По поводу философии Гейзенберга и ему подобных чётко высказался Ф. Энгельс:
«Естествоиспытатели воображают, что они освобождаются от философии, когда игнорируют или бранят её. Но так как они без мышления не могут двинуться ни на шаг, для мышления же необходимы логические категории, а эти категории они некритически заимствуют либо из обыденного общего сознания так называемых образованных людей, над которым господствуют остатки давно умерших философских систем, либо из крох прослушанных в обязательном порядке университетских курсов по философии (которые представляют собой не только отрывочные взгляды, но и мешанину из воззрений людей, принадлежащих к самым различным и по большей части к самым скверным школам), либо из некритического и несистематического чтения всякого рода философских произведений, - то в итоге они всё-таки оказываются в подчинении у философии, но, к сожалению, по большей части самой скверной, и те, кто больше всех ругает философию, являются рабами как раз наихудших вульгаризированных остатков наихудших философских учений» [Энгельс 1959, c. 524].
Так почему же материализм потерпел поражение в этой битве? Определённо, Эйнштейну не хватало философской подготовки в этом споре, ведь Спиноза ценен не только сам по себе, но и как часть той единой линии, которая от него происходит, а именно Гегель - Маркс - Ленин, которым удалось развить сам метод и логику познания.

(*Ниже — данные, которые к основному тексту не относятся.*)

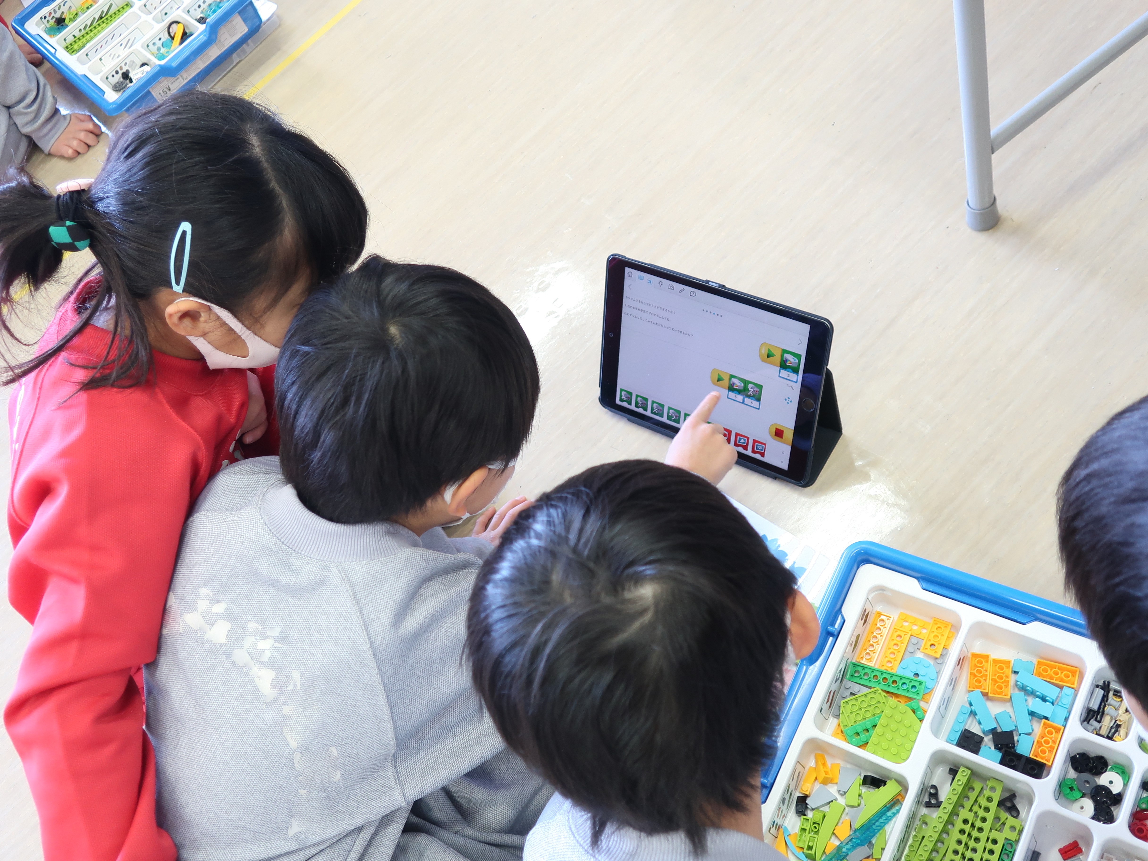 1年生では、プログラミングの学習をレゴブロックを使用して行いました。

Поэтому перед материалистами стоит задача в том, чтобы подробнейшим образом разобраться в проблемах, как теории относительности, так и квантовой механики, дабы вернуть Вселенной её бесконечность, а материи - объективность.
Сложившаяся в науке ситуация действительно свидетельствует не только об огромном отрыве учёных от философии, от понимания всеобщих законов развития и собственного мышления, но также и о кризисе в среде самих материалистов, к которым учёные не хотят прислушиваться, пользуясь удобными и простыми для себя идеями, изложенными позитивистами. Как никогда актуально сегодня звучат слова из статьи Э.В. Ильенкова:
«Союз философов с естествоиспытателями, по мысли Ленина, может быть прочным и добровольным только при том условии, если он взаимно плодотворен и взаимно же исключает всякую попытку диктата, навязывания готовых выводов как со стороны философии, так и со стороны современного естествознания. Такой союз, такое добровольное сотрудничество в деле познания мира возможны только при ленинском понимании диалектики» [Ильенков 1979, с. 60].
Список литературы:
Вавилов, С.И. Исаак Ньютон. М.-Л.: Издательство Академии наук СССР, 1945.
Гегель Г.В.Ф. Энциклопедия философских наук. Т. 1. Наука логики. М.: «Мысль», 1974.
Маркс К., Энгельс Ф. Сочинения, т. 12. М.: Политиздат, 1978.
Ильенков Э.В. Драма советской философии. М.: 1997.
В. Гейзенберг. Физика и философия. Часть и целое. М.: 1989.
Энгельс Ф. Диалектика природы. Собр. соч., изд. 2, т. 20. М.: Политиздат, 1959.
Ильенков Э.В. Материализм воинствующий - значит диалектический. М.: «Коммунист», 6 (1979).